=== Section Start ===
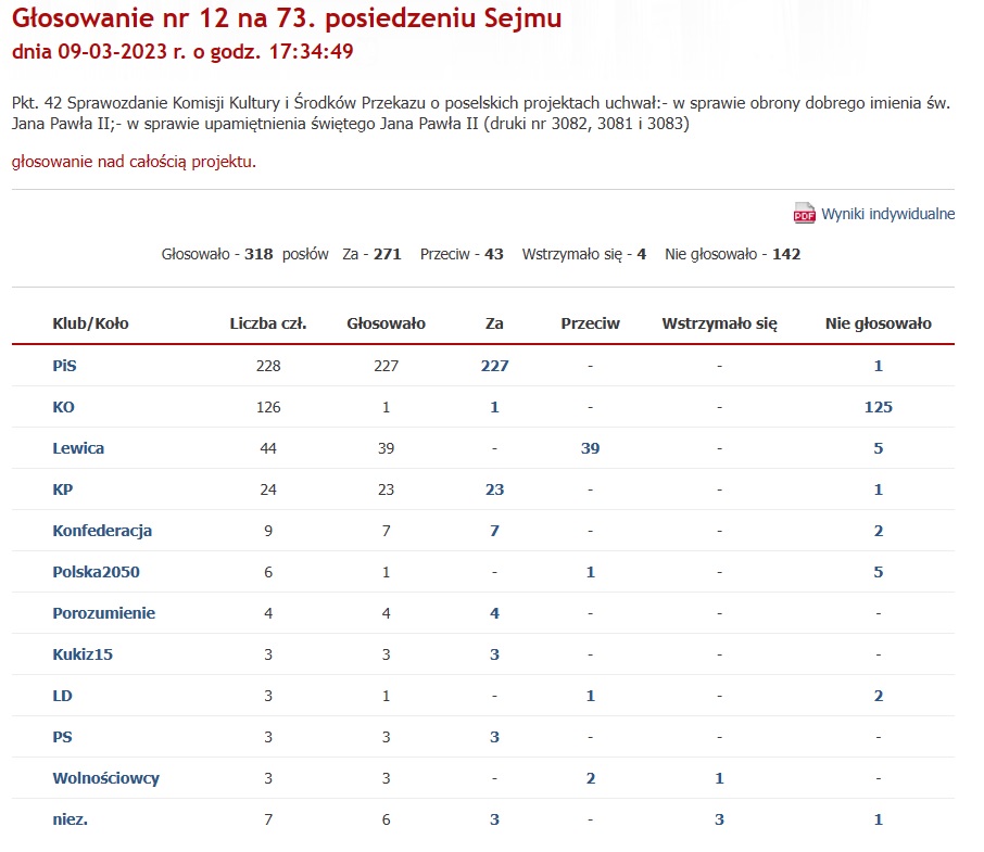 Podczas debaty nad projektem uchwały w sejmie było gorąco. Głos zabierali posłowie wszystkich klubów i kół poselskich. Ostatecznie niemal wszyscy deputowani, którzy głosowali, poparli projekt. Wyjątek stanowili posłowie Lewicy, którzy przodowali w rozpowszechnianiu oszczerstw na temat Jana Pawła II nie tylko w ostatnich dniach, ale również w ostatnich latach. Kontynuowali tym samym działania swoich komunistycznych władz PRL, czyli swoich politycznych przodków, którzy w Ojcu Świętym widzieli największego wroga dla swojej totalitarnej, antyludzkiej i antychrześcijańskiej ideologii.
=== Section End ===
=== Section Start ===
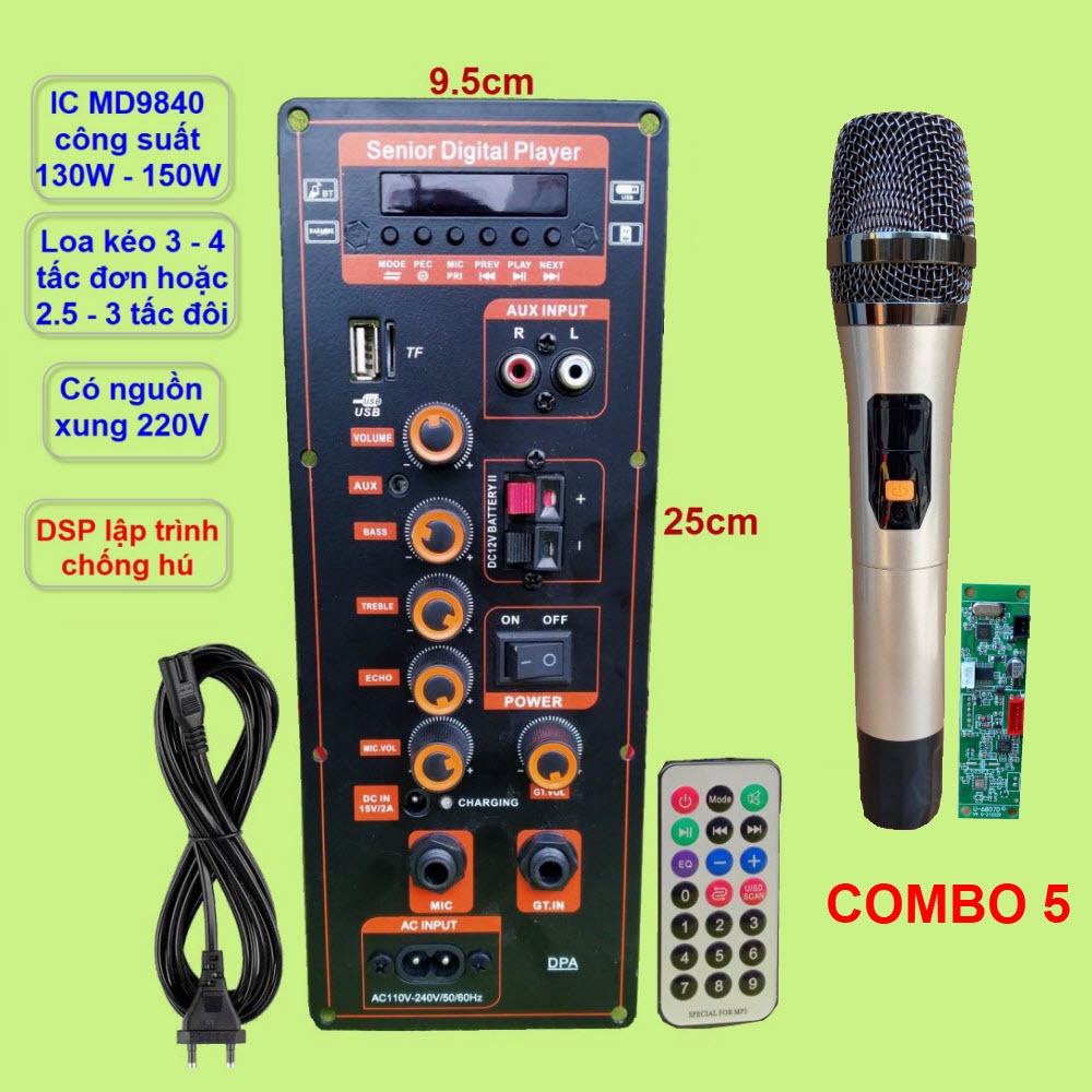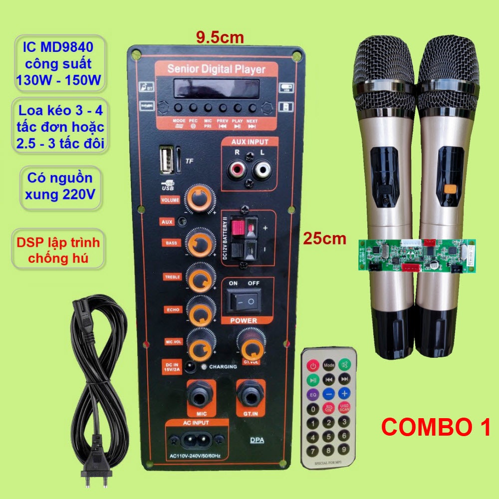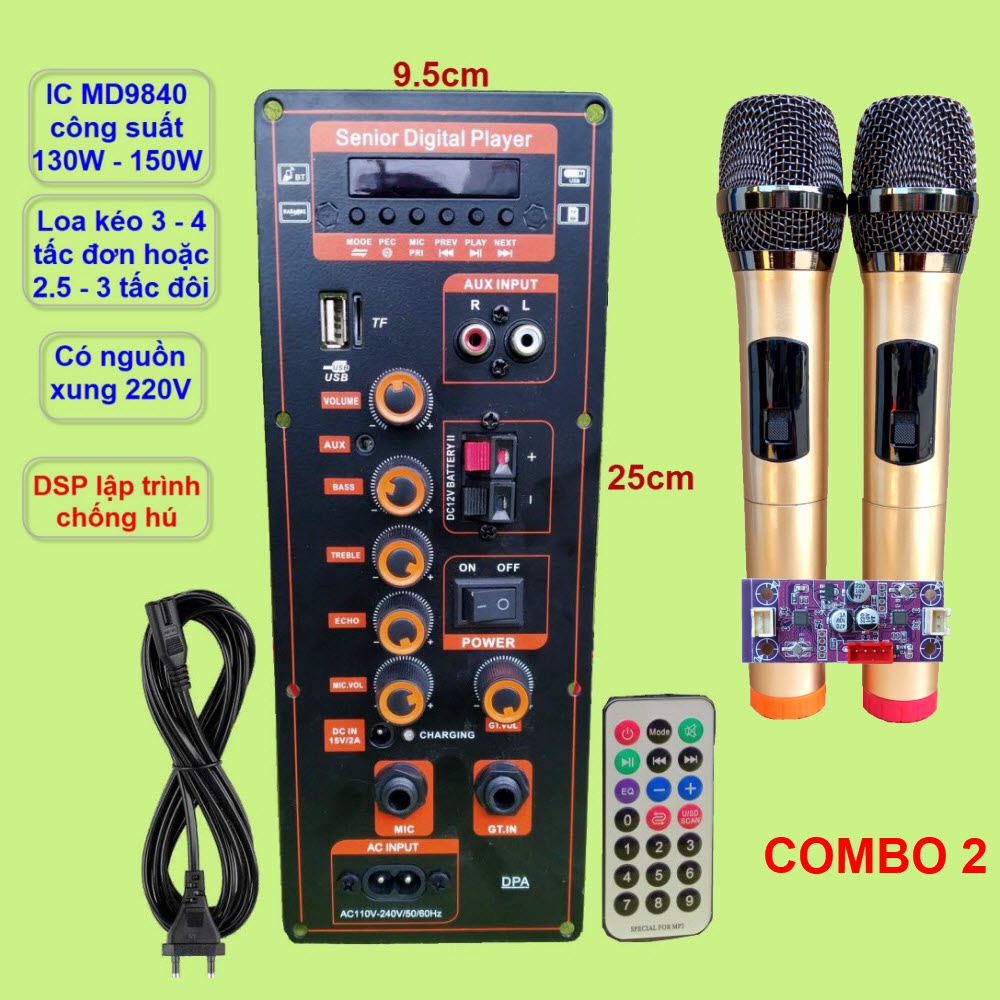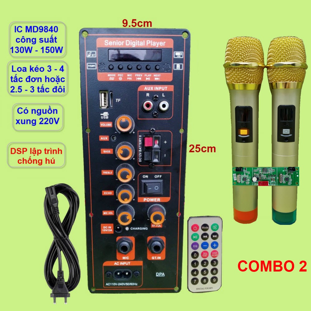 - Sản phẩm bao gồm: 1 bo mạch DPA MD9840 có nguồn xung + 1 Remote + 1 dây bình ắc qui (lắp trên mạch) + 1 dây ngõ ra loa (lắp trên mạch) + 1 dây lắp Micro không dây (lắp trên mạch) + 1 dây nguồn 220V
=== Section End ===
=== Section Start ===
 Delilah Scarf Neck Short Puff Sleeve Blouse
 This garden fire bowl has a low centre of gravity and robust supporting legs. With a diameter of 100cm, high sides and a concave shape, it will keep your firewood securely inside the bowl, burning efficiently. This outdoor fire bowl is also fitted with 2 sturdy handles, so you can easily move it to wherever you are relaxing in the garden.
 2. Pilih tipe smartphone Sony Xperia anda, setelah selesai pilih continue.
=== Section End ===
Please, from the material above, copy only the lines from the line with "This garden fire" up to and including the line with "2. Pilih tipe", exactly as written.

### Response to this exercise:
 This garden fire bowl has a low centre of gravity and robust supporting legs. With a diameter of 100cm, high sides and a concave shape, it will keep your firewood securely inside the bowl, burning efficiently. This outdoor fire bowl is also fitted with 2 sturdy handles, so you can easily move it to wherever you are relaxing in the garden.
 2. Pilih tipe smartphone Sony Xperia anda, setelah selesai pilih continue.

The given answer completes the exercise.